I said something to this effect on Slack before you opened this topic, but repeating here:

I think it’s worth thinking about what the best case scenario is given perfect parallelism. You are `time.sleep()` ing for a random amount between zero and one second, so an average of 0.5 seconds. So each time step, which has a `calc_param` and a `calc_result` take an average of one second. For a 100-step simulation, that works out to 100 seconds per model run.

So if I have a cluster with 8 workers and am running 40 models, I’d expect the amount of time to be `1s * n_time_steps * n_models / n_workers` = 500 seconds. And when I run your code, that’s exactly what I get (to be more precise, I got `504.99s`). So that all makes sense!

So why did your initial work run so much faster? That’s because each time step is sharing the same `time.sleep()`s, so you are actually `sleep`ing `2*nsteps` times, when I think you intended to be `sleep`ing `2*nsteps*nmodels` times. TL;DR, I don’t think your non-Dask model is quite measuring what you wanted, and the Dask one is showing expected results given the embarrassingly-parallel model runs.

I updated my posts with labels for the examples. This should make it easier to clarify which code example you are referring to. I also added a table of elapsed times in the original post.

Each model should calculate its result at each time step. The updated input parameters for all the models can be calculated once at each time step. Assume it takes 1 second for each model to calculate its result at each time step. And assume it takes 1 second to update all the input parameters parameters at a time step. Therefore the time taken at each time step would be
`1 s * nmodels + 1 s`. But I don’t think that is what Example 1 is conveying.

I suppose what I am trying to say is that your Example 3 already exhibits embarrassingly parallel scaling. If the models are being executed independently of each other, then each one should be taking about `1s * nsteps`, and there is no way to bring the individual run time down. But by parallelizing across model runs, the wall clock time can come down by a factor of `n_workers`.

Put another way: your `sleep()` statements are stand-ins for simulation work. What is the total amount of “work” time you expect? For your Example 3, it should be ~4000 seconds. If each of your eight workers is spending 100% of the time doing useful work, the computation will be done in 4000/8=500 seconds (not ~100 as I think you are suggesting)

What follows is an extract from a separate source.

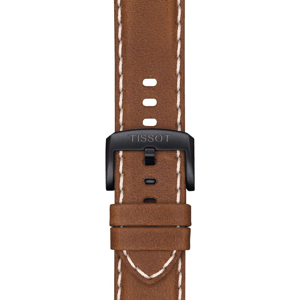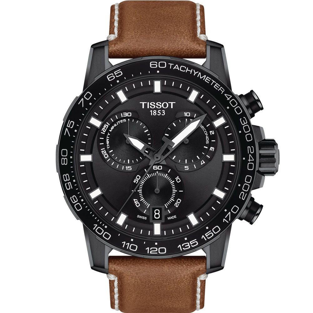 The material of the Tissot T-Sport Supersport Chrono men's watch T125.617.36.051.01 watch case is stainless steel, its color is black, the material of the strap is leather and its color is brown. The diameter of the watch case is 45 mm, its shape is wheel. The glass of the watch is sapphire (scratch free), its mechanism is quartz, and its water resistance is 10 atm (100m) (suitable for swimming).

I’d suggest organizing it in the way that @fjetter is suggesting, keeping the individual runs more isolated, which I think would help in describing the problem.

1 Like

@Ian and @fjetter I updated my original post and the original code examples. Sorry for all the changes but hopefully it better conveys what I’m trying to do.

@fjetter Based on Example 1 and Example 2, can you provide a working example of the approach you suggested?

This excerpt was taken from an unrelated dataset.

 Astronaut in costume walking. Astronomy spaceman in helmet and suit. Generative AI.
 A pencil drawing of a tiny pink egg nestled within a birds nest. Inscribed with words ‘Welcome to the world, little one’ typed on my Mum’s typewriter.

Can you describe what changes you made? It can be difficult to follow this conversation when the original example snippets are changing, and our earlier comments may or may not still apply.

It’s an okay approach, but I’d note that by calling `client.gather` at every time step you are forcing the individual models to synchronize at every step. Since they are separate from each other, this could cause significant slowdown if some of them finish much earlier than others, and are then forced to wait on their counterparts. I’ll second what @fjetter suggested: try to set up your models so that they are fully independent of each other, that way they won’t block each other.

Maybe, but it really depends on your specific model solves (represented by sleeps right now). I don’t think you should be trying to force your set of model runs into an Array, this would be for computations within the runs.

Probably not – Dask actors are still a somewhat experimental tech and may not be supported in the future. I don’t think this problem requires them.

I’m not sure exactly what you mean here, but I think the best think to do for your setup is to parallelize across model runs, and letting the steps proceed as fast as they can.

I don’t understand how I can parallelize the model runs. The `calc_param()` uses the results from all of the models to update all the input parameters at each time step. So if the models are fully independent how would I use `calc_params()` to update the time step parameters?

Are the parameters for each model in `calc_params` independent of each other, or do the models depend on each other? Based on my reading of your sample code, the models are independent, so it should be possible to `calc_params` on a per-model basis.

In the original simulation code, the models are not fully independent from each other. The results from all the models are used to update the input parameters for the next time step. In Example 1, I tried to demonstrate this with `calc_params()` which takes a list of results instead of a single result value.

If they are not independent of each other, then using your `map`/`gather` approach seems reasonable (though if they aren’t independent of each other, I question how they are considered several different models?).

Overall, I would probably recommend doing something similar to your third example to build the whole graph using `dask.delayed`, which would force a more explicit dependency structure of your computation.

Ok, I’ll try to make a `dask.delayed` version of Example 1.

## Example 4

Here’s my attempt at using `dask.delayed` for Example 1. I get the same performance as Example 2 which is probably because it computes the results at each time step. If anyone knows how to make a better `dask.delayed` version then please post an example.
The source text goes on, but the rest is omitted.